Обработка натурального языка: как обрабатывать данные NLP?

Автор оригинала: Pankaj Kumar.

Давайте посмотрим на некоторые из самых популярных задач по обработке естественного языка, и как выполнять их с помощью Python. Обработка естественного языка (NLP) использует алгоритмы интерпретации и манипуляции и манипуляции человека.

Это один из наиболее часто используемых полей машинного обучения.

Если AI продолжает расти, нам понадобятся специалисты в разработке моделей, которые изучают речь и словарный запас, обнаруживают контекстные тенденции и создают текст и аудио Insights.

1. Подготовка наборов данных для проекта обработки натурального языка

Давайте принесем себя некоторые данные. Итак, мы просто скопируем первые 30 строк из www.gutenberg.org/files/35/35-0.txt Это свободный роман из проекта Гутенберга.

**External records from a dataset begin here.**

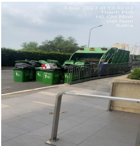
THU GOM RÁC SINH HOẠT - HÀNG NGÀY TỪ 13:00-15:00 THU GOM RÁC SINH HOẠT
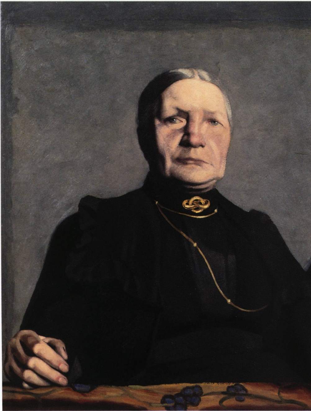
Félix Vallotton (1865-1925) Les parents de l'artiste, détail, 1902 Huile sur carton 83,5 x 117,5 cm MAHF 1991-445.
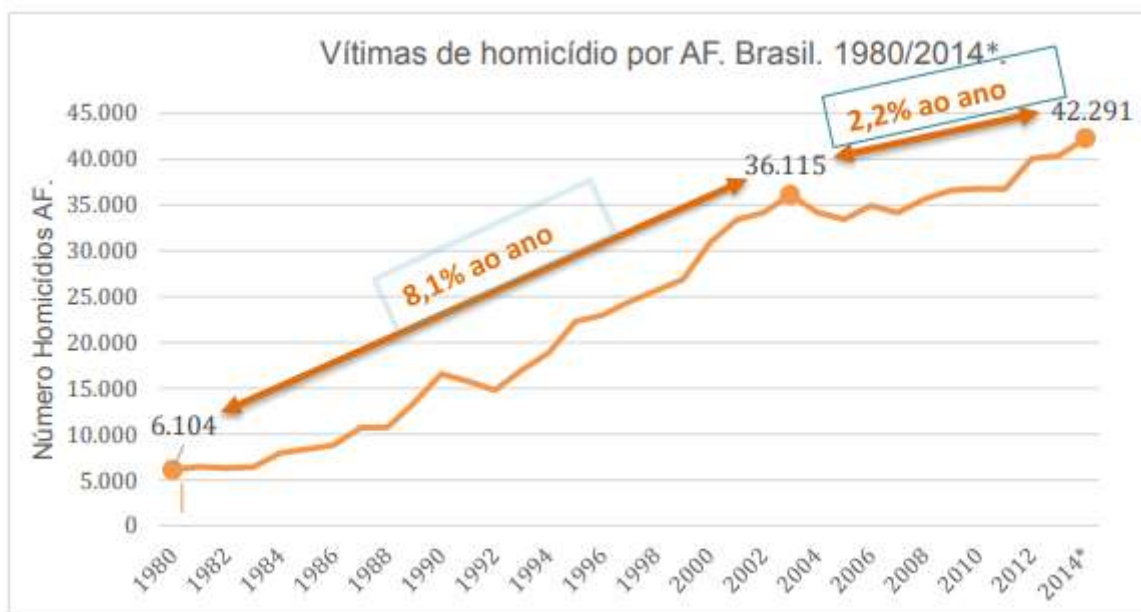
Figura 2 – Vítimas de homicídio por Armas de Fogo entre 1980 e 2014.
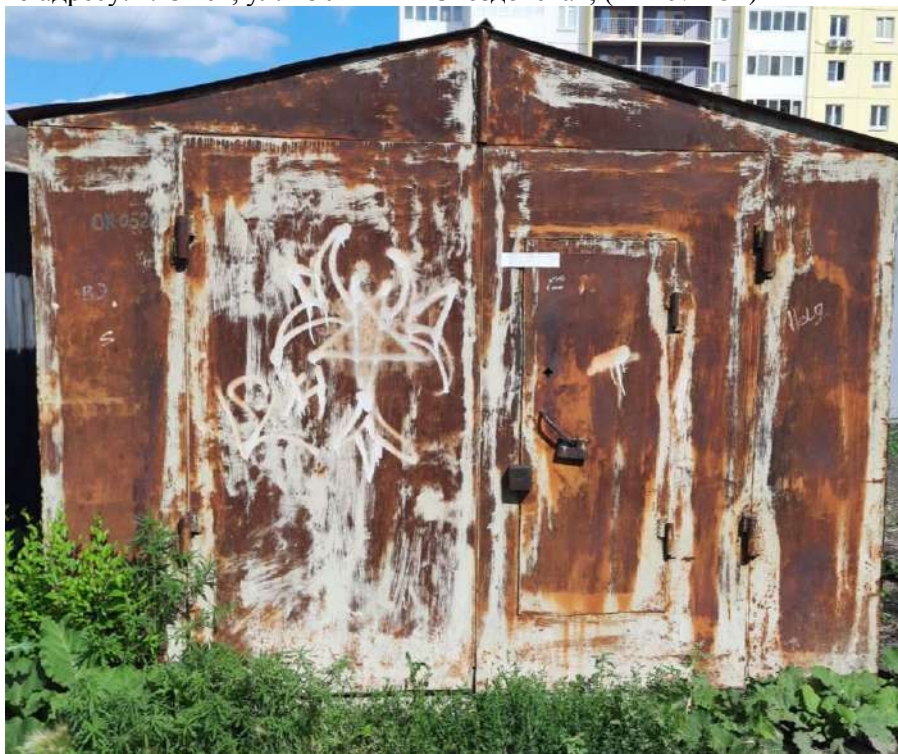
104) Временный металлический гараж, размещенный вблизи многоквартирного жилого дома по адресу: г. Омск, ул. 18 Линия - Съездовская; (Акт № 453)
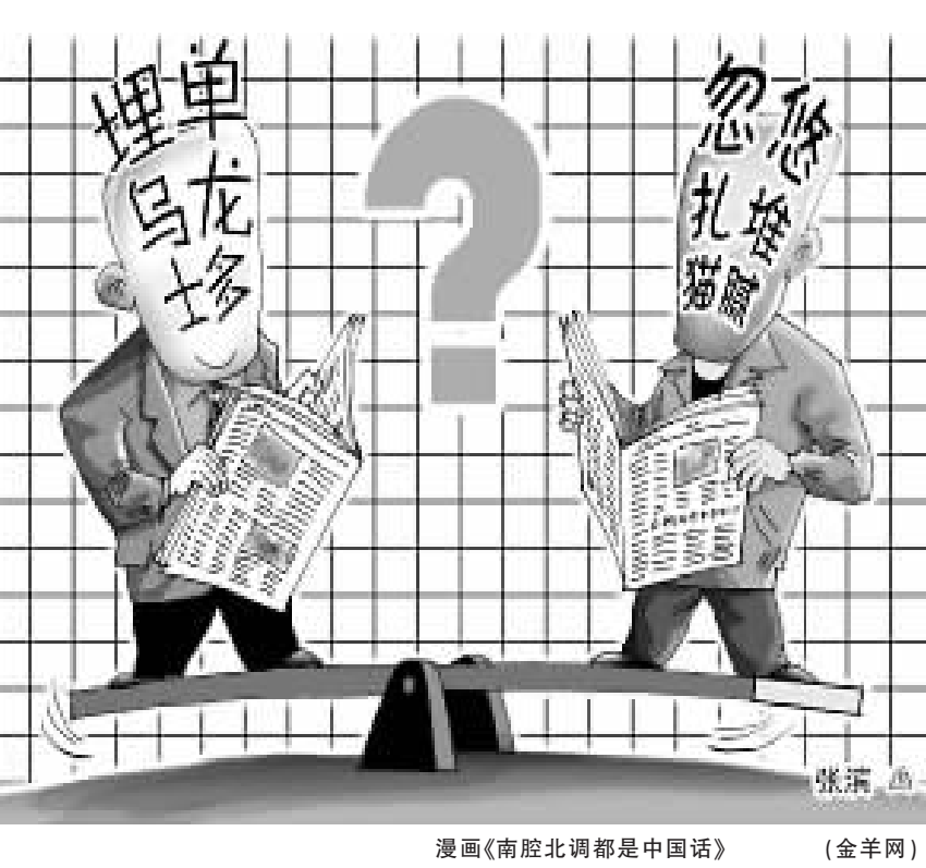
漫画《南腔北调都是中国话》 (金羊网)

下老家的方言,但是没有那个环境,真的说不出来。不过我现在还是过得很好,很正常啊!如果我的家乡方言终有一天走向了消亡,我也许也会感到遗憾,但是如果是社会发展必然结果,也应该能接受,就好像人有生老病死一样。
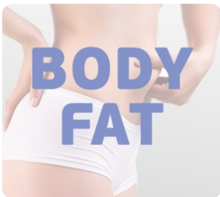
Режим жиранализатора Body Fat для определения комплекции организма
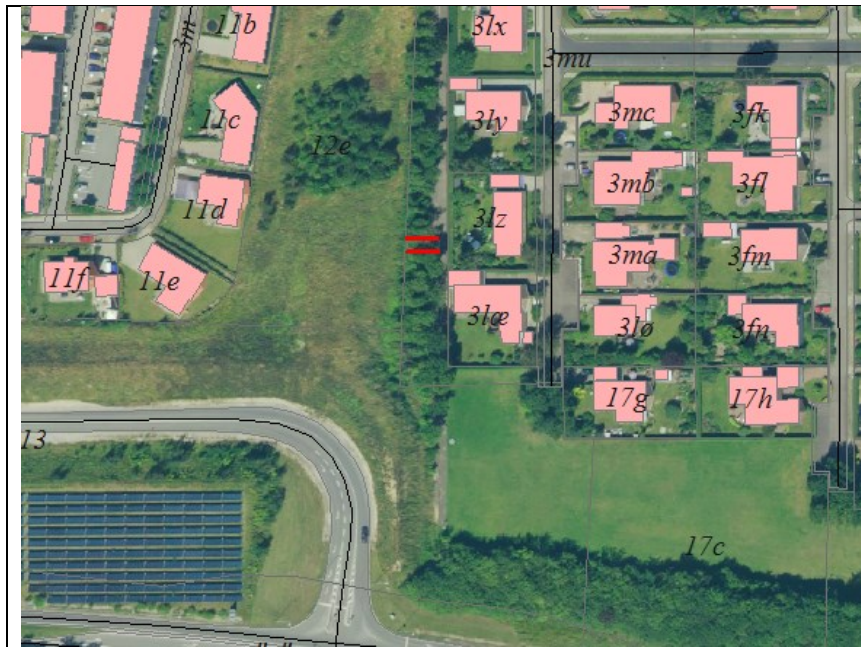
Kort over området ved Solbuen. Den planlagte placering af broen er markeret med røde streger.
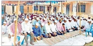
కౌతవరం చెక్ పోస్టు ఈడ్లా వద్ద ప్రార్థనలు చేస్తున్న ముస్లింలు

కౌతవరం(గుడ్లవల్లేరు), న్యూస్టుడె: పవిత్ర బక్రీద్ పర్వదినాన్ని మండలంలోని ముస్లింలు సంప్రదాయబద్ధంగా జరుపుకున్నారు. త్యాగానికి, దానానికి గుర్తుగా జరుపుకునే ఈ పండుగ సందర్భంగా ఉదయాన్నే ముస్లింలు సంప్రదాయ దుస్తులు ధరించి మసీదులు, ఈడ్లాల వద్ద ప్రత్యేక ప్రార్థనలు చేశారు. అనంతరం ఎవరి మొక్కుబడుల కోసం వారు గొర్రె పోతులను అల్లాకు సమర్పించారు. కౌతవరం ఒకటో వార్డు, చెలిపొట్ల, ఈడ్లా, చెరువుగట్టు, వేమవలపాలెం, నాగవరం, ఉలవలపూడి, టీమునిగుంట, సుట్టిచెర్వు, కట్టవారిచెర్వు, అంగలూరు, పెంజెంద్ర, డోకిపల్లె, లుకాపాడి గ్రామాల్లోని మసీదుల్లో ముస్లింలు ప్రార్థనలు చేశారు. చిన్నారులు పవస్వరం అలింగనం చేసుకుని శుభాకాంక్షలు తెలుపుకున్నారు. గుడివారు: మియాతాన్ మసీదు, గుల్షారీమసీదు.
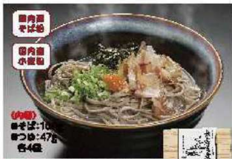
069 出雲年越しそばセット 4人前

アレルギー 小豆・大豆 ¥605円 賞味期限 2025年1月9日 (本体価格 560円)
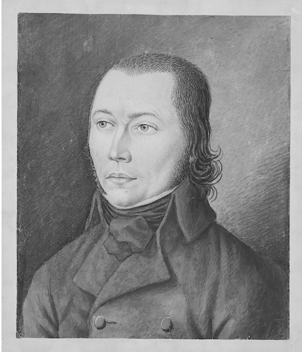
Abb 2: Johannes Bückler, genannt »Schinderhannes«, Portrait von Karl Mathias Ernst, 1803.

Kaum gesundheitlich genesen wechselte Schinderhannes im September 1799 auf die rechte Rheinseite, nachdem der Fahndungsdruck erhöht worden war. In der Nähe von Darmstadt lernte er bald seinen später treuesten Weggefährten kennen, den Christian Reinhardt, der als »Schwarzer Jonas« in die Kriminalgeschichte eingehen und am 21. November 1803 zusammen mit Schinderhannes unter dem Mainzer Fallbeil sterben sollte.
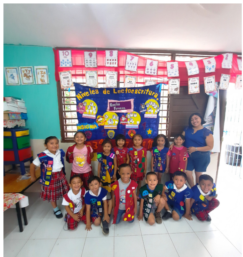
Alumnos de la Escuela Preescolar Indígena "Kukulcán", después de realizar la estrategia didáctica "Chaleco explorador".

"Sí es posible aplicar la gamificación sin recursos tecnológicos, ya que gamificar no implica tecnología necesariamente, sin embargo, sí requiere imaginación, innovación, creatividad y sobre todo vocación".
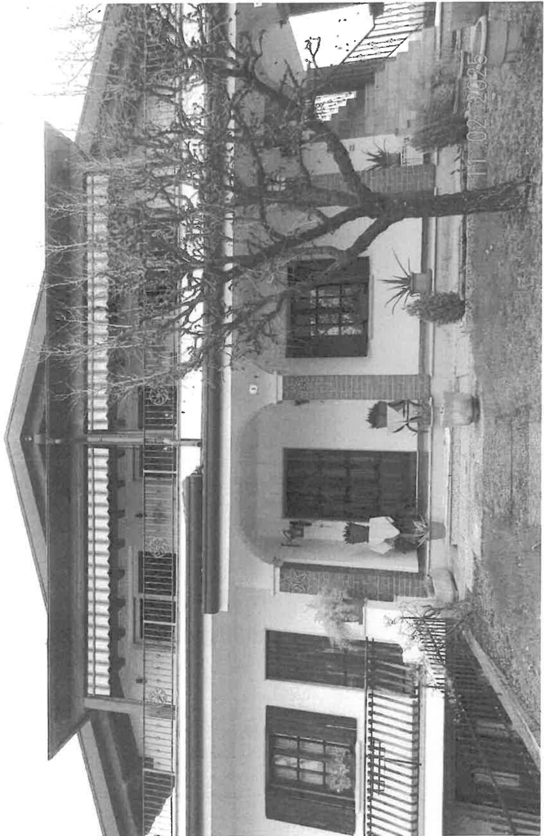
Vista dell'intero fabbricato eretto sulla particella 122 del foglio 2
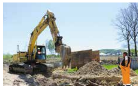
Kanalizacja deszczowa na Os. Skiby
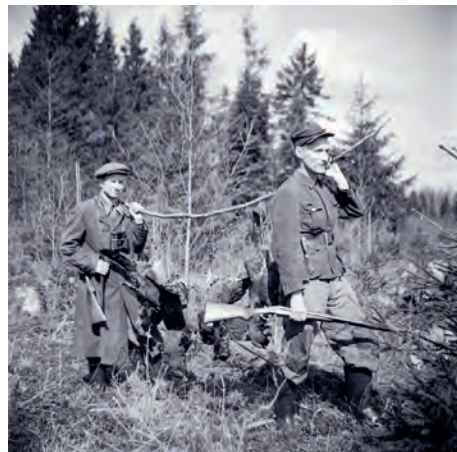
Abb.II.1.5 Estnische Widerstandskämpfer wie die „Waldbrüder“ waren aufgrund sowjetischer Gegenmaßnahmen auf sich gestellt und lebten aus der Natur der Region.

Die bereits 1940 implementierten sowjetischen Unterdrückungsmaßnahmen gegen die estnische Bevölkerung verstärkten sich nach dem Zweiten Weltkrieg. Widerstand gegen die Sowjets leisteten ähnlich wie in den anderen baltischen Staaten die estnischen Waldbrüder. Zur Niederschlagung des Aufstandes wurde vermehrt zu alten Instrumenten der Umsiedlung und Deportation jetzt auch die Ansiedlung von ethnischen Russen betrieben, um so eine durchgreifende Russifizierung in der „Sowjetrepublik Estland“ umzusetzen. Es sind vor allem die in der Nachkriegszeit gemachten Erfahrungen mit den als Besatzer empfundenen Russen, die das Verhältnis des modernen Estland sowohl zum Nachbarland Russland als auch zur russischen Minderheit innerhalb der eigenen Gesellschaft bis heute nachhaltig prägen.
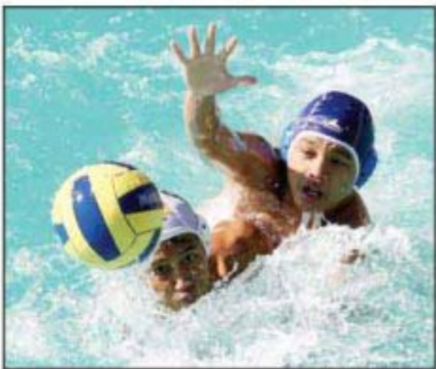
TAMBAH SERU: Kejurnas Polo Air U-19 tahun lalu yang mempertemukan Jambi dan Sumut.

Dalam SEA Games nanti, wushu akan mempertandingkan 20 nomor. Untuk tim inti cabang wushu nantinya diperkirakan berjumlah 28 orang atlet. Vietnam dan Thailand diakui pihak PB WI masih menjadi momok yang harus diwaspadai di SEA Games. (md)
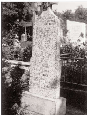
Az I. világháború áldozatainak eemlékműve

delkező magyar tanítási nyelvű alapiskola működik. 1920 után elkezdődött a tanítás a szlovák tannyelvű iskolában is, amelyet Czillingék házában helyeztek el. Földszintes ház, alaprajza L alakú. 1945 után a szlovák tanulókat a magyar tannyelvű iskola épületébe helyezték át. A községi hivatal mellett 1993-ban befejezték az óvoda építését, de bizonyos idő után az 1.-4. osztályos szlovák tan nyelvű alapiskolát költöztették be ebbe az épületbe.
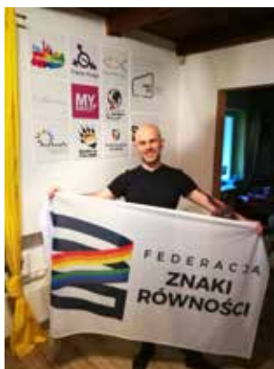
автор: Каспер Потемпский (Kacper Potępski)

Беседовал: Матеуш Гендзба (Mateusz Gędzba)

Если вы заинтересованы в других бесплатных наборах данных, посмотрите Топ 11 наборов обучения машины

text = '''The Time Traveller (for so it will be convenient to speak of him) was
expounding a recondite matter to us. His pale grey eyes shone and
twinkled, and his usually pale face was flushed and animated. The fire
burnt brightly, and the soft radiance of the incandescent lights in the
lilies of silver caught the bubbles that flashed and passed in our
glasses. Our chairs, being his patents, embraced and caressed us rather
than submitted to be sat upon, and there was that luxurious
after-dinner atmosphere, when thought runs gracefully free of the
trammels of precision. And he put it to us in this way—marking the
points with a lean forefinger—as we sat and lazily admired his
earnestness over this new paradox (as we thought it) and his fecundity.

"You must follow me carefully. I shall have to controvert one or two
ideas that are almost universally accepted. The geometry, for instance,
they taught you at school is founded on a misconception."

"Is not that rather a large thing to expect us to begin upon?" said
Filby, an argumentative person with red hair.

"I do not mean to ask you to accept anything without reasonable ground
for it. You will soon admit as much as I need from you. You know of
course that a mathematical line, a line of thickness _nil_, has no real
existence. They taught you that? Neither has a mathematical plane.
These things are mere abstractions."

"That is all right," said the Psychologist.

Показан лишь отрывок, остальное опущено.